M. H.: Ces taxes instaurées par la loi ou par décret échappent au budget général de l’Etat, tant en termes de ressources que des dépenses. Au Maroc, diverses taxes parafiscales existent, la plus importante est la taxe sur le ciment qui génère des ressources de l’ordre de 2 milliards de dirhams par an. Sur un autre registre, l’instauration d’une taxe parafiscale peut aboutir à l’inverse des résultats escomptés. La taxe sur le sable en est un exemple éloquent. Ces taxes peuvent également créer une pression fiscale poussant les agents économiques concernés à de l’évasion fiscale et, par conséquent, à l’effritement de l’assiette fiscale sur laquelle sont basés d’autres impôts et taxes finançant le Budget de l’Etat.

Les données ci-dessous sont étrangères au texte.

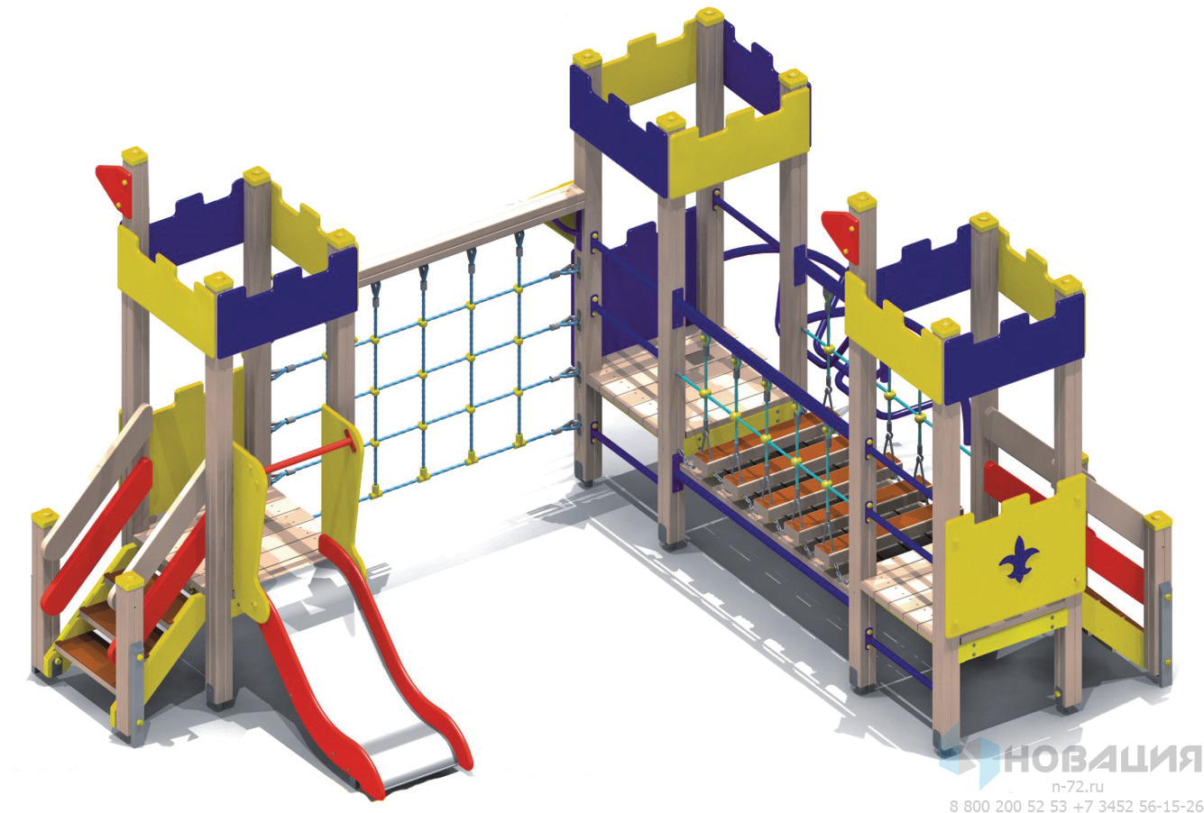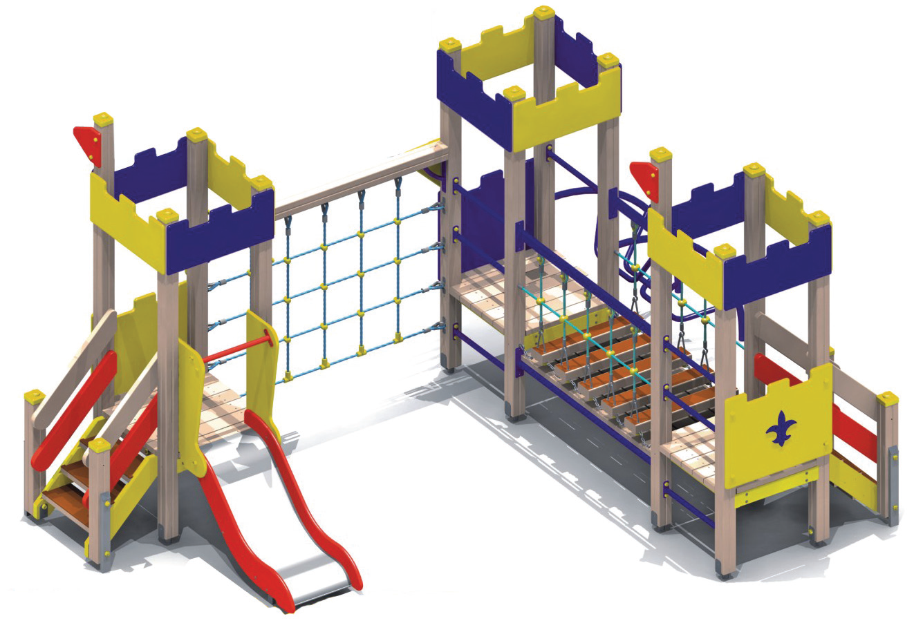 Сборно-разборная конструкция продумана до мелочей: лестница не скользит, все концы труб закрыты, скат горки не ржавеет. Башни украшены резьбой. На столбах фанерные флаги.

Sur un plan purement technique, ces taxes concurrencent les impôts de l’Etat parce qu’elles viennent en déduction de la base de l’impôt sur les sociétés, ce qui a poussé le législateur à prévoir pour certaines taxes parafiscales leur non-déductibilité du résultat fiscal depuis 2013.
F.N.H.: En raison des nouveaux enjeux budgétaires marqués par l'efficacité de la dépense publique et de la soutenabilité des finances publiques, n'est-il pas plus judicieux de veiller à la discussion de ces taxes dans le cadre de la Loi de Finances et de leur contrôle par le Parlement pour s'assurer de leur bonne affectation ?
M. H.: En général, les taxes parafiscales sont créées par la loi et donc votées par le Parlement, même s’il existe encore des taxes parafiscales instituées par des mesures réglementaires. Le problème se situe plutôt au niveau de l’exécution de ces taxes, et donc des montants collectés et de l’usage qui en est fait. Les défenseurs de l’unicité budgétaire soutiennent que tous les prélèvements soient budgétisés dans les recettes de l’Etat et l’affectation vers tel secteur ou telle entité soit décidée également dans le cadre des dépenses de l’Etat, ce qui permet un meilleur contrôle de ces recettes et dépenses.
F.N.H.: Dans le même sillage, on remarque que la Loi organiques des Finances de 2015, dont le leitmotiv est de garantir la transparence financière, n'a rien prévu à cet égard. Quel commentaire pouvezvous nous faire à ce sujet ?
M. H.: Sans être formel sur votre affirmation, la solution peut consister, comme c’est le cas en France, dans la présentation en annexe à chaque Loi de Finances d’un état où figurerait la plupart des taxes parafiscales.